Лангового приняли хорошо, попросили выпить за здоровье новобрачных.
Потом разговорились: оказалось, что жизнь польского крестьянина, в особенности белоруса, далеко не свадебный пир.
— Ах, пан поручик… Вы с той стороны, не вижу в вас гонора, вы сидите с нами за столом, как простой
Но старик, видимо, испугался своей откровенности и замолк, больше не проронил ни слова.
А дед невесты вспомнил польское восстание 1863 года, «когда хлопы не поддержали шляхтичей, хлопам не за что было драться…»

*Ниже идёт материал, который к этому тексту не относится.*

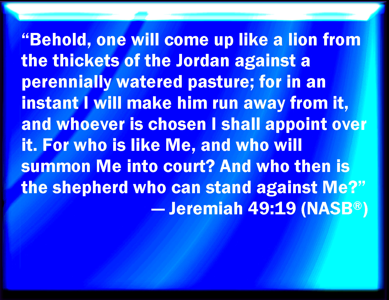 Behold one shall come up as a lion from the swelling of the Jordan, against the strong and beautiful: for I will make him run suddenly upon her: and who shall be the chosen one whom I may appoint over her? for who is like to m? and who shall abide me? and who is that shepherd that can withstand my countenance?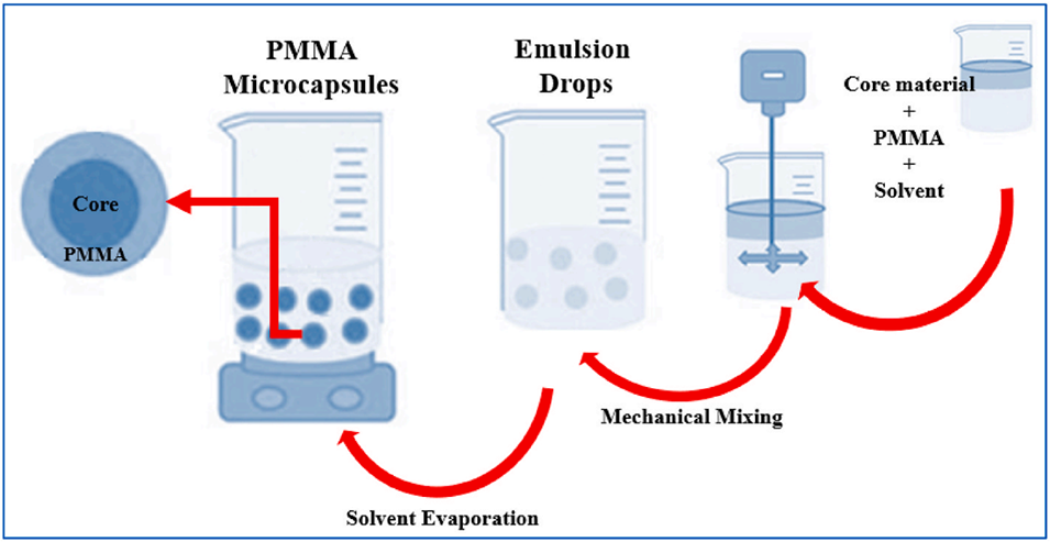 图11. 展示采用溶剂蒸发法以聚甲基丙烯酸甲酯(PMMA)包封材料的过程。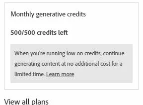 Hi @bobf26873082 - The "500/500 credits" displayed in the profile dropdown represent the generative credits available in your account, which you can use to generate AI assets.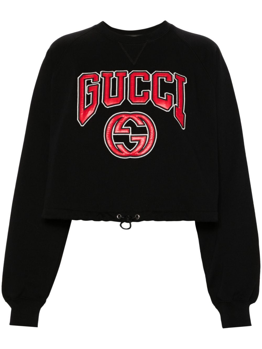 black/red cotton jersey fleece appliqué logo crew neck long raglan sleeves ribbed cuffs drawstring hem cropped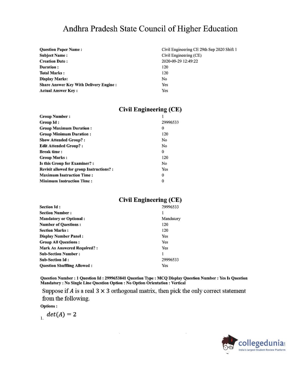 AP PGECET 2020 Civil Engineering Question paper with answer key pdf conducted on September 29, 2020 in Forenoon Session 10 AM to 12 PM is available for download. The exam was successfully organized by Andhra University. The question paper comprised a total of 120 questions.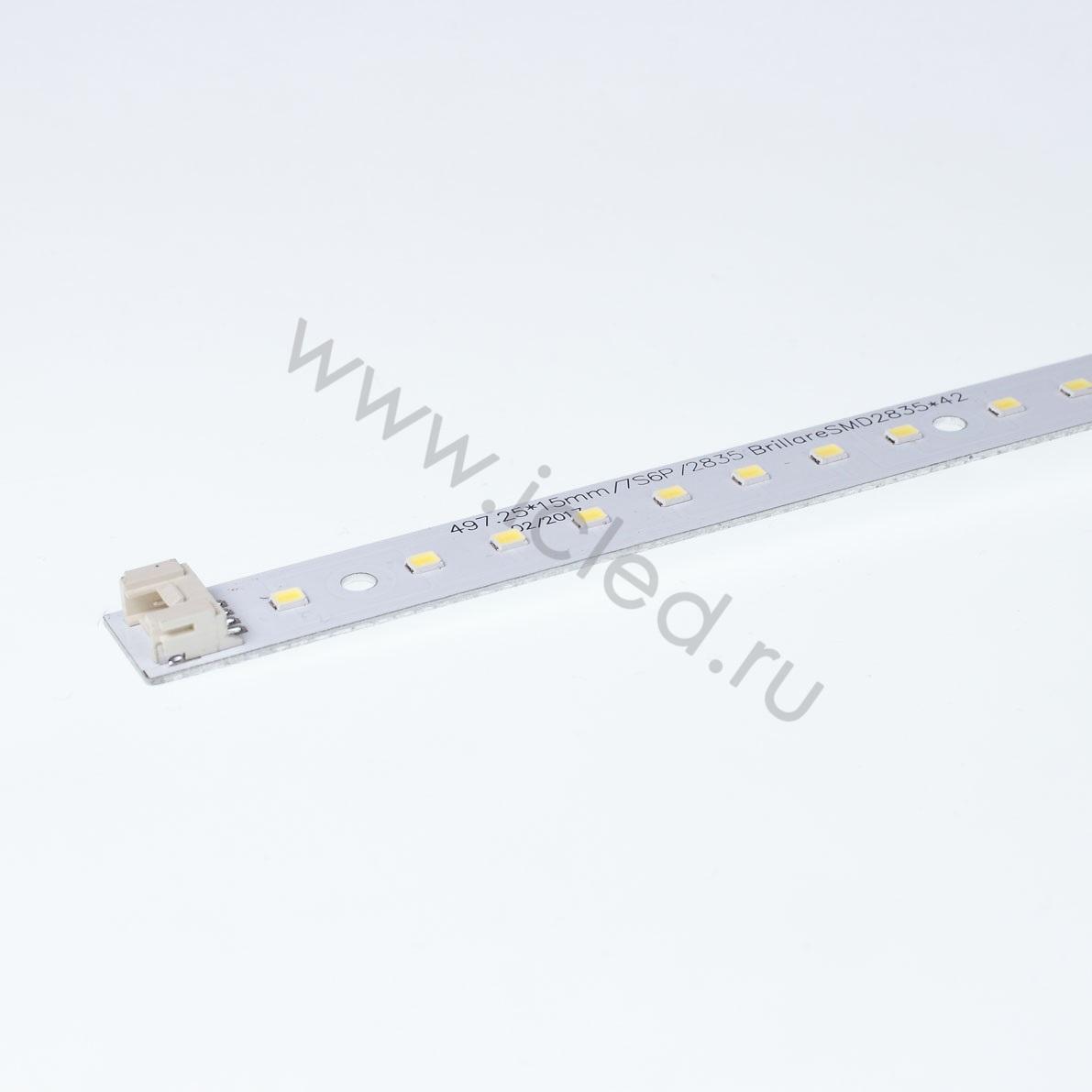 Светодиодная линейка на алюминиевой основе для светильников Армстронг. Напряжение 21-25V, мощность 12W, ток 300mA, тип светодиода 2835 - 42 штук, световой поток 1260Lm, угол свечения 120 градусов, цвет свечения белый 5500К. CRI>80. Размеры 497x15x6,2мм. Вес 23г.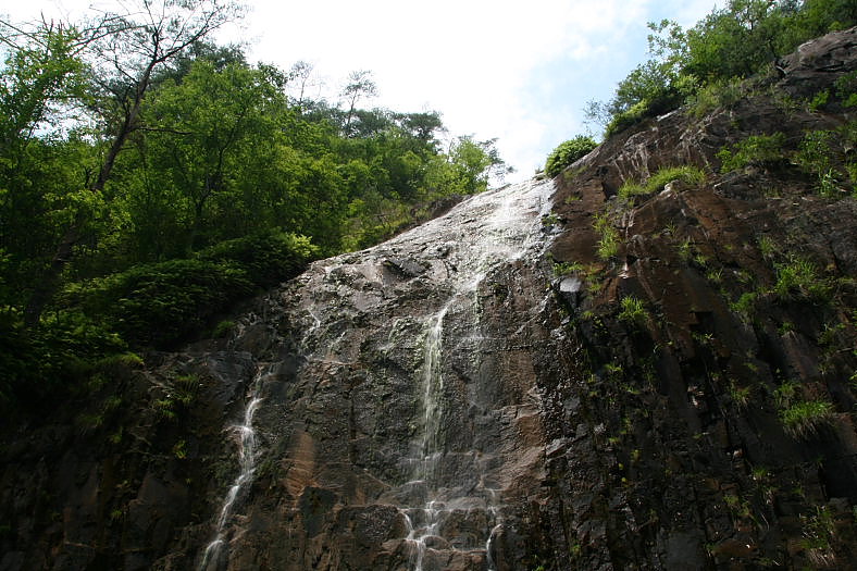 多羅多羅の滝 2008/07/13 広島県 広島市佐伯区湯来町大字和田 水内川左岸の支流 落差:上段:10m、中段:25m、下段:19m 南向きの滝だけに水量のあるときは豪快に落ち虹が綺麗だろうと想像できる。 撮り終えて下段の滝上から覗くと既に降りていた写録の旅人さんが滝下の岩に座って我輩の屁っ放り腰の鎖降り観察体勢でいる。 ありがたいことだ。 単独でこういう所に来ると万一の事故時には救援を呼ぶ方法がないのだから・・・。 ただ何となく好みで言うとこういうスリル感のある所が好きである。 登りに思った”大袈裟な鎖”は下りには心強く感じたのだから身勝手もいいところだが・・・。 |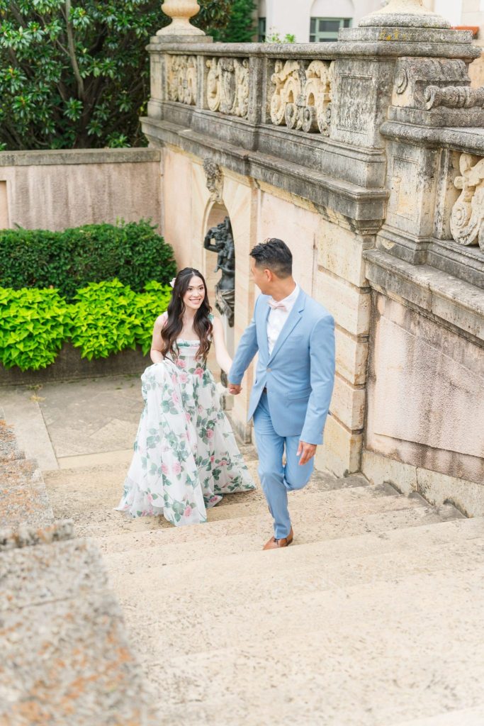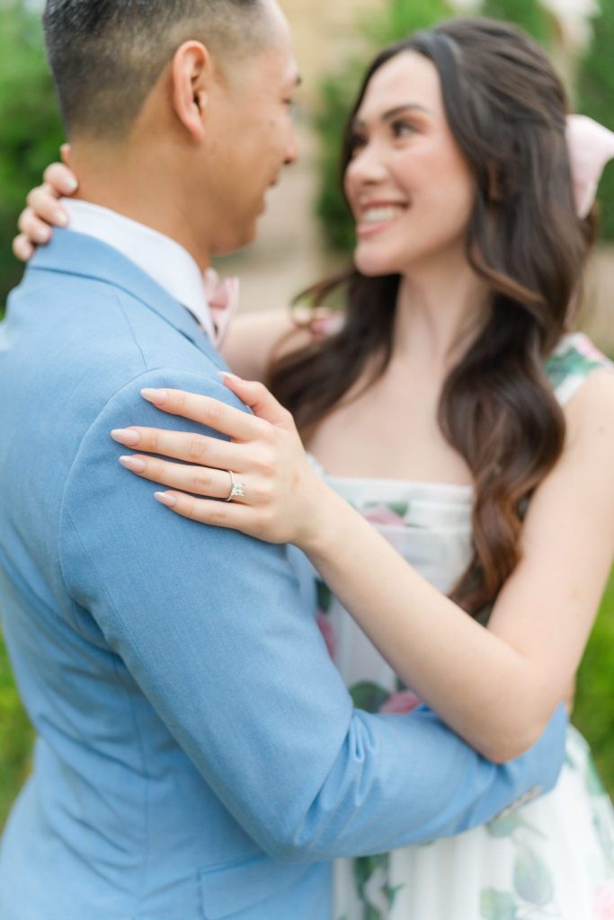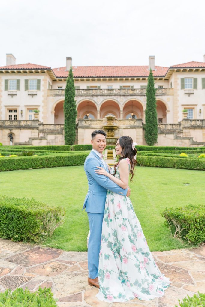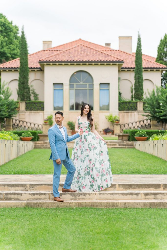 VU and LAN’s outdoor engagement at the Philbrook Museum of Art was a breathtaking celebration of their love against a backdrop of nature’s finest. Set amidst the museum’s stunning gardens and lush landscapes, the couple’s engagement session exuded a serene and romantic charm.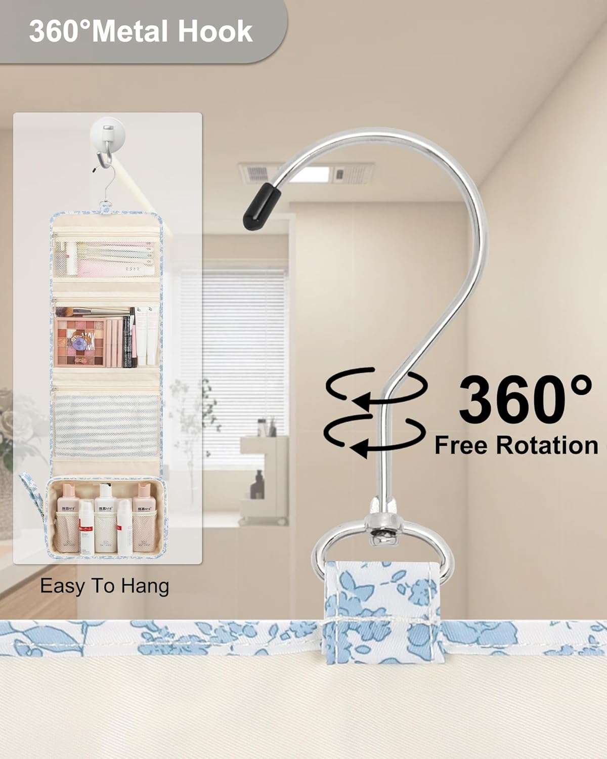 - 【360° ROTATION HANGING HOOK DESIGN】Stow-away 360 degree swivel non-slip metal hook for versatile hanging options. It fits bottles upright, helps eliminate spills, and makes a great travel organizer for your travel toiletries.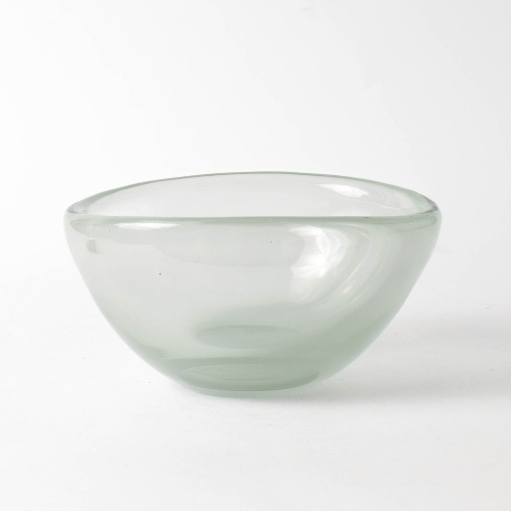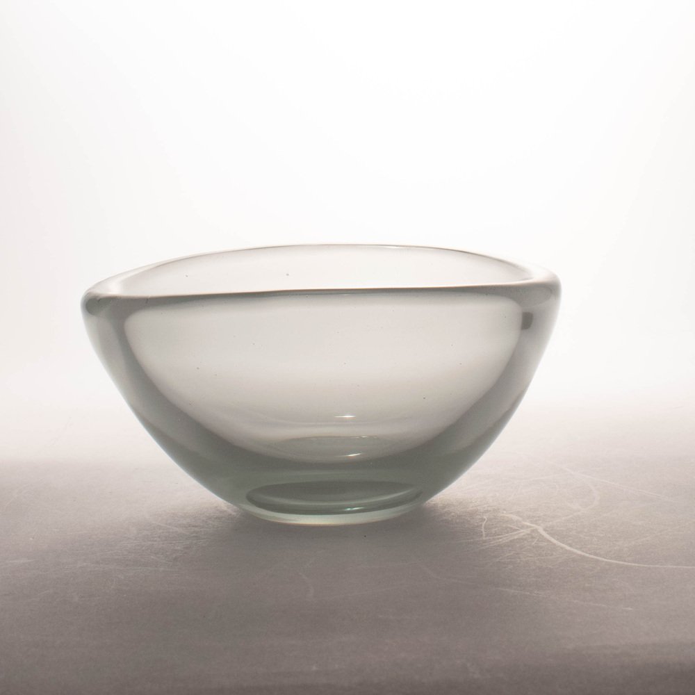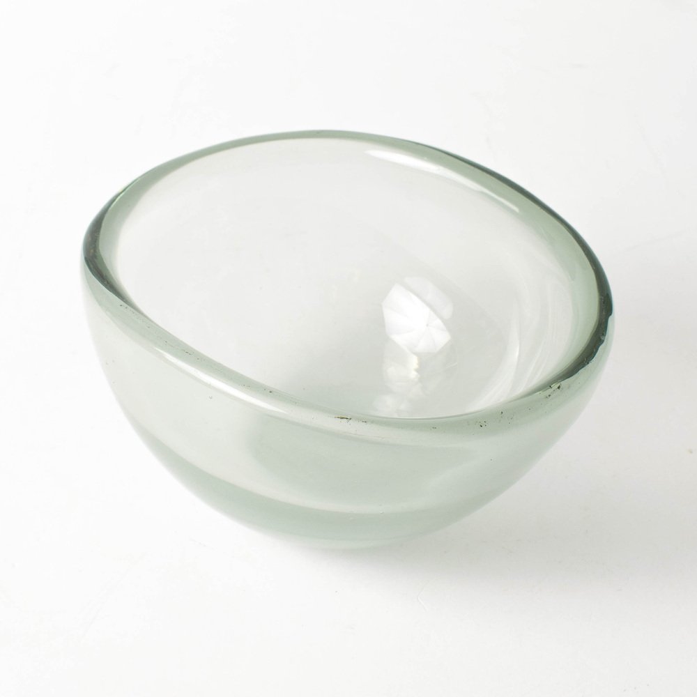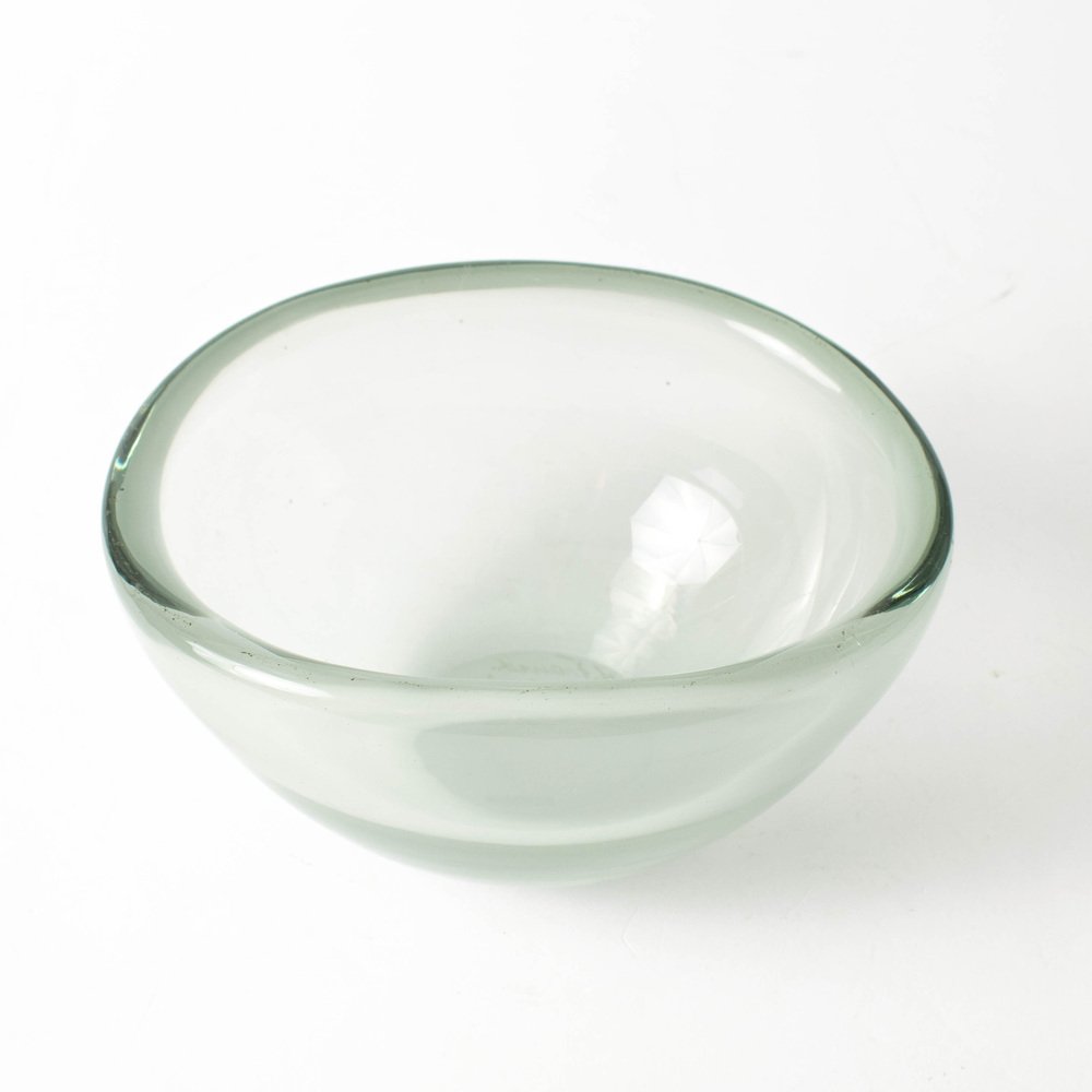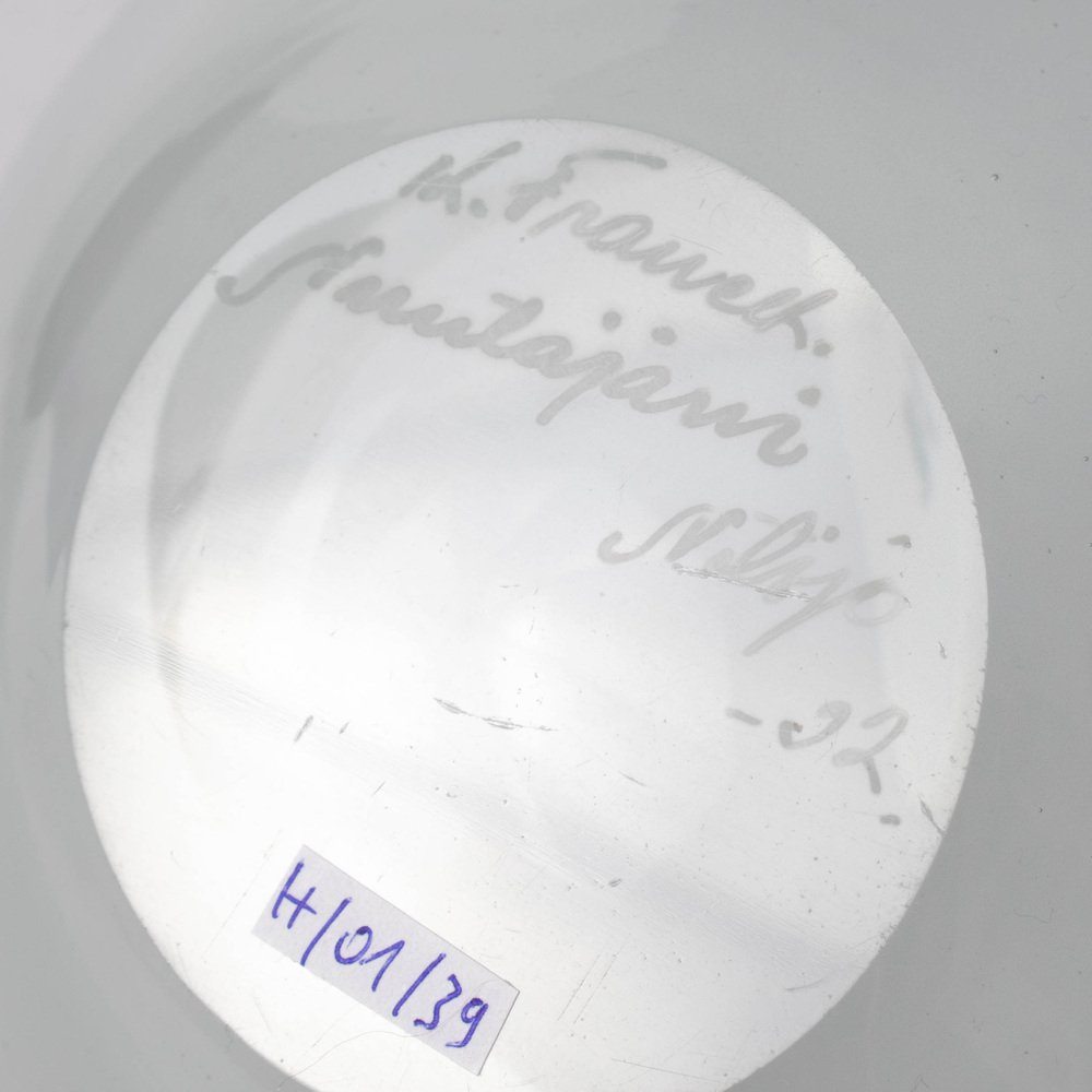 Niewielka szklana misa – patera projektu Kaja Francka. Wykonana ręcznie z półprzeźroczystego szkła z delikatnym zielonkawym odcieniem. Jest to oryginalny produkt fińskiej huty szkła Nuutajarvi z lat 50. XX w. Przedmiot jest sygnowany na podstawie: K.Franck / Nuutajarvi / Notsjo / -52.

Ланговой слушал и думал, что именно этим воспользовалось тогда царское правительство и сравнительно быстро подавило восстание. Велика все-таки пропасть между паном и хлопом. Паны исчезнут лишь после такой революции, какая произошла у нас.
Ланговой вынужден был целый день провести на хуторе. Затем его доставили в полицейский постерунек [18] на станции. Здесь встретили негостеприимно и хотели направить в тюрьму, в Молодечно. Но Ланговой держал себя так внушительно, что поручик растерялся и даже выдал литер на проезд до Варшавы. Особенное впечатление на поручика произвели белые выше колен валяные сапоги Лангового. В Польше таких не носили.
18
Участок.
У Лангового была явка к Артамонову. Тот верил в «Трест» и его силу. Артамонов представил Лангового Таликовскому, плутоватому и надменному офицеру генерального штаба, а затем полковнику Байеру.
Для создания нового «окна» на границе пришлось поехать в Вильно. Там Лангового познакомили с хорунжим Вагнером — специалистом по организации перехода границы. Второе «окно» было создано. Ланговой все время чувствовал, что за ним следят, но ничего подозрительного агенты дефензивы [19] не обнаружили. Через новое «окно» Александр Алексеевич вернулся на родину. Его встретил Иван Иванович, на самом деле Михаил Иванович Криницкий — сотрудник ОГПУ. Впоследствии он встречал не одного представителя белой эмиграции, в том числе и переправлявшегося через границу Шульгина.
19
Польской тайной полиции.
Когда Якушев и Потапов во второй раз переправлялись через границу, на польской стороне их встретил хорунжий Вагнер. Инсценировка тайного перехода через границу столь важных особ была придумана Старовым. Все было вполне правдоподобно.
Якушев, как ведающий иностранными делами, изображал человека не весьма осведомлённого в военном деле и ссылался на авторитет Потапова. Тот обладал искусством сочинять все материалы так, что они принимались польским штабом без всяких сомнений. Вместе с тем «Трест» старался посеять недоверие к материалам, получаемым из других источников. «Мы должны внушить им представление о большой мощи и высокой боеспособности Красной Армии», — говорил Дзержинский. И это делали Потапов и Якушев. Делали очень искусно.
Потапов, будучи работником Генерального штаба Красной Армии, в прошлом человек, близкий ко двору, с точки зрения 2-го отдела польского генштаба, представлял собой ценнейшего информатора. В его монархических убеждениях не сомневались.
Николай Михайлович имел большой военный опыт. Это был человек тонкого ума и знал, что с польскими господами надо изображать себя далеко не мудрецом. Таликовский в своих донесениях характеризовал его как карьериста, типичного «момента», воспитанника Академии генерального штаба, которому льстит внимание к его особе.